The board has “never filed a fiscal plan that requires rates to be raised sufficiently to fund pensions or pay debt service,” said Cate Long, Puerto Rico Clearinghouse principal.
Feldesman Leifer Senior Counsel Phillip Escoriaza questioned whether PREPA was set up to fail, with operating accounts funded at unrealistic levels. Escoriaza, who owns homes in Puerto Rico, noted the lack of accountability because the board and PREPA share oversight.
PREPA is more than seven years into a
Separately,
NFE’s long-term debt has a B2 rating from Moody’s Ratings and B-plus rating from Fitch Ratings, both on review for possible downgrades.
NFE, in response to a Bond Buyer inquiry, pointed to a statement it made November 26 that it successfully completed the first step of a $2.7 billion issuance of senior secured notes due 2029. The transaction, which will be followed by a second expected to be completed this week, will refinance $2.4 billion of existing bonds, including much of the bonds maturing in next few years, extend the maturity of 90% of the company’s $1 billion revolving credit facility, and raise $325 million for liquidity.
The board said it was monitoring NFE’s financial status and would work with PREPA to avoid disruption in power service if New Fortress were to file for bankruptcy.
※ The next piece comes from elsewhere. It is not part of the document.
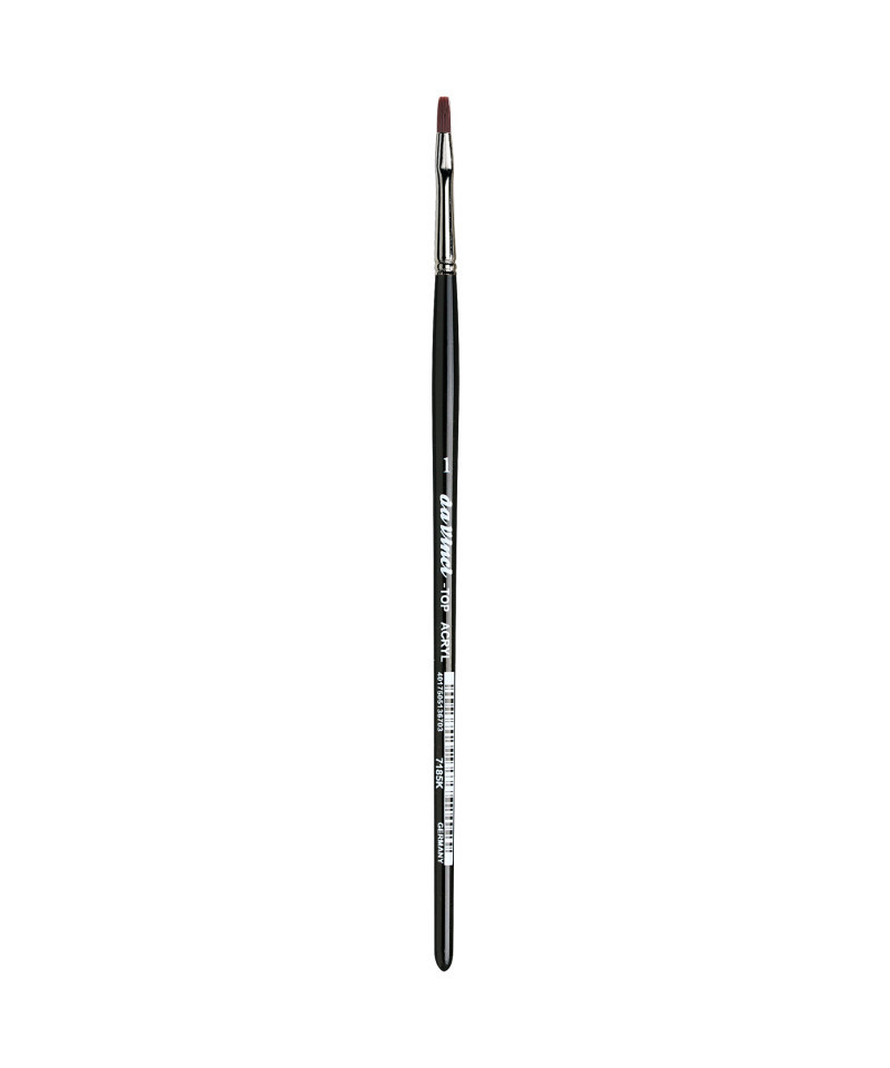 Extra strong and stiff for acrylics, oils & water-mixable oils TOP-ACRYL is constructed with 5 different diameters of extra strong Synthetic Bristle. Short "no-roll" handles fit right in your smaller painting box or travel easel. Exclusive design developed by da Vinci. Extra stiff with a precise snap, and a favorite of Impasto painters (who use thick applications of paint). Whether massing color in the larger sizes or precision painting in the smaller sizes, TOP-ACRYL brushes offer the artist versatility and ruggedness. This brush features short, black, polished, hexagonal handles that prevent the brush from rolling away and the hand from getting tired during painting.

“Inability to remain a going concern is a serious matter and would signal fundamental flaws in the private outsourcing pathway undertaken here, bifurcating transmission and generation, and calling into question estimates/projections/contingencies relied on in structuring these complex operations and reflecting perhaps unrealistic reliance on squeezing consumers,” Escoriaza said,
U.S. District Court “Judge [Laura Taylor] Swain denied hearing an adversary case about the conflict of interest of Oversight Board’s local attorney O’Neill & Borges also representing New Fortress,” Long said. “This was a missed opportunity to untangle the conflicts that likely exist in the choice of New Fortress to run the generation assets (while also supplying fuel).”
Finally, the chairman of the Puerto Rico Energy Bureau Edison Avilés Deliz told representatives of LUMA in late November he was considering fining LUMA for poor operating performance.
Since LUMA gained responsibility for PREPA’s transmission and distribution system in June 2021, complaints continued about
“Any evaluation of metrics must be based on realistic, fair, and transparent targets that account for the challenges LUMA inherited, the available resources to improve service to customers, and the real progress we’ve achieved,” LUMA told The Bond Buyer. “LUMA inherited a highly politicized electrical system, with decades of neglect impacting its performance. … In the last quarter ending in September, we reduced the duration of outages experienced by customers by nearly 6% and reduced the frequency of outages by 17% compared to the same quarter a year earlier. There is much more work to do.”
LUMA said earlier this week it wouldn’t connect a major solar field to the electric system until 2026, even though the owner of the field has committed to providing the electricity to the system next year, according to the El Nuevo Día news site.
Escoriaza said whether the bureau should fine LUMA depends on the original contract. Suits in federal or state court against LUMA would be other possible approaches.
The board said the issue of fining LUMA was one for the bureau to decide upon.
The bureau did not respond to requests for comment.